Yüzeye çıkarak Carter’ı taşıdım. Nehirden taşan suyla ıslanmış olan toprak hızlı bir şekilde çamur olmuştu. Carter’ı tutarak zırhını çıkarttım. Göğsüne bastırarak yuttuğu suyu çıkartmasını sağladım. Nefes alıyordu şimdi. İleriden Lynda’nın ve diğerlerinin geldiğini gördüm. Daha sonra tanıdık bir ses duydum.
“Oquaro?” Carter’a baktım. Gözlerim dolmuştu. Onu özlemiştim ve bunca zaman sonra ilk defa onu görüyordum.
“Ben…” Yoğun bir öksürük ile sarsılan bedenini tuttum.
“İyi olacaksın Carter. Konuşma.” Öksürüğü geçince gülümser bir şekilde bana baktı.
“Teşekkürler eski dostum.” Lynda koşarak yanıma geldi ve yere çömelerek Carter’ı tuttu. Ağlayarak ona baktı.
“Baba. Sonunda.” Hıçkırarak Carter’a sarıldı. Carter elini Lynda’nın yanağına uzattı ve gülümseyerek Lynda’ya baktı.
“Lynda.” Yine bir öksürük kriziyle sarsıldı. Lynda korku dolu gözlerle bana baktı.
“Üzgünüm Lynda. Her şey için. Seni bırakmamalıydım.” Lynda başını hayır dercesine salladı.
“Hayır, baba önemli değil. Gerçekten değil. Artık aramızdasın.” Carter son bir kez Lynda’ya baktı yanağını okşadı ve bana döndü.
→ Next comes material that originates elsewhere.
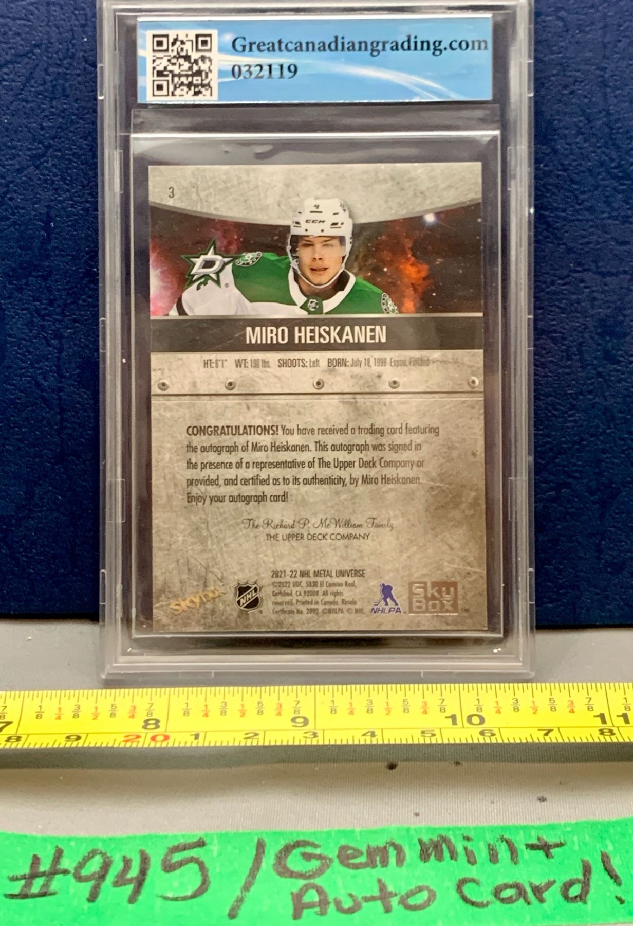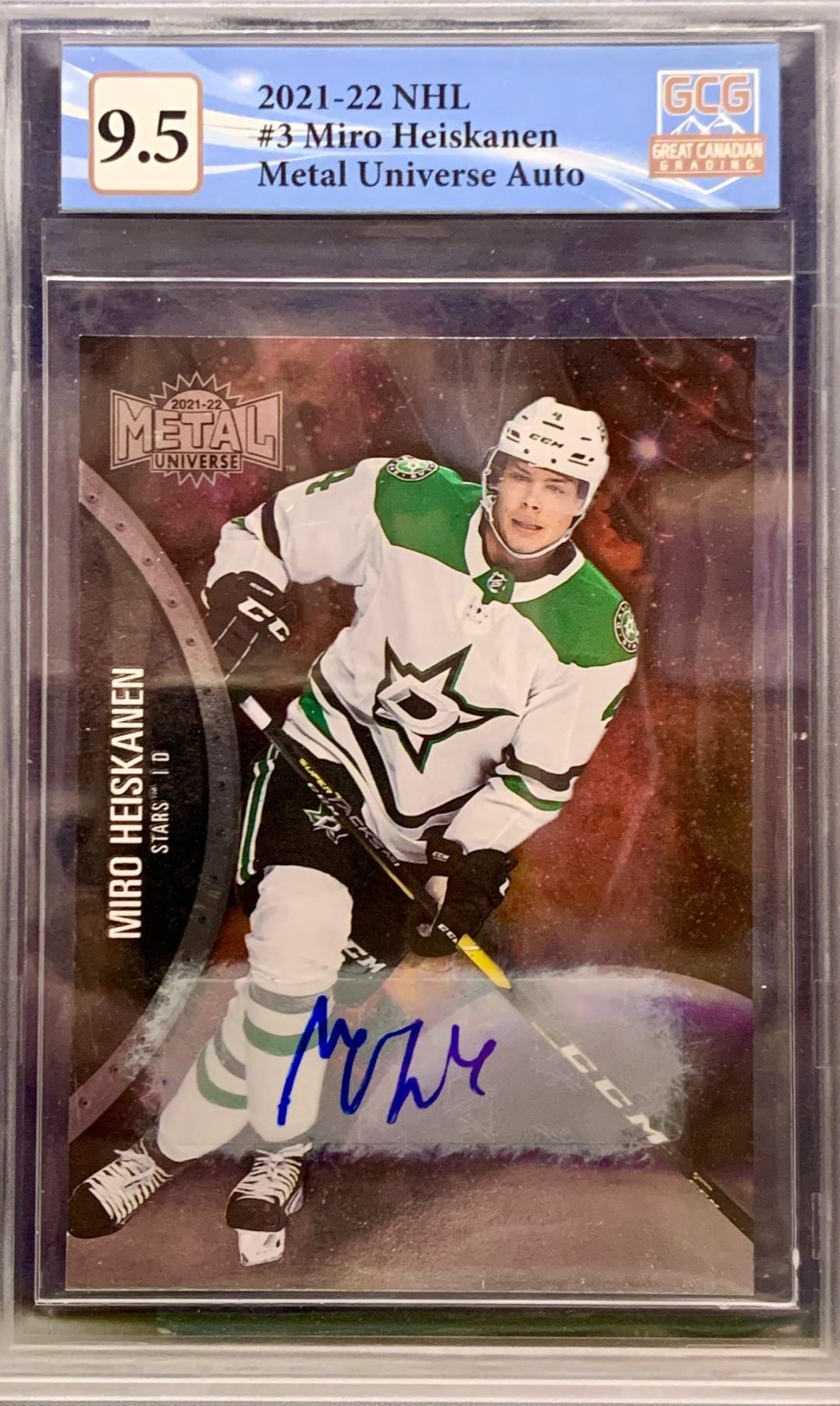 NHL HOCKEY - 2021-22 Rare Miro Heiskanen Metal Universe Auto Card Graded 9.5 MINT!

“Oquaro. Seni tekrar görmek güzeldi.” Birkaç kere daha öksürdü. “Ona iyi bak.” Elini sıktım. Birkaç kere daha öksürdü ve gözlerini yavaşça kapadı. Yüzünden düşmeyen gülümsemeyle mavi gökyüzüne baktı.
“Elveda.”
Carter’ın son sözü bu olmuştu. Lynda ağlayarak babasına sarıldı. Uzun zamandan sonra Lynda ilk defa babasını görüyordu ve bunca zaman sonra onun ölümünü izlemek için beklemişti. Öğlen vaktiydi ve güneş tam tepedeydi. Ayağa kalktım ve diğerleriyle birlikte ateşi söndürmeye gittik. Daha sonra Carter için bir tören hazırladık ve onu son yolculuğu için uğurladık.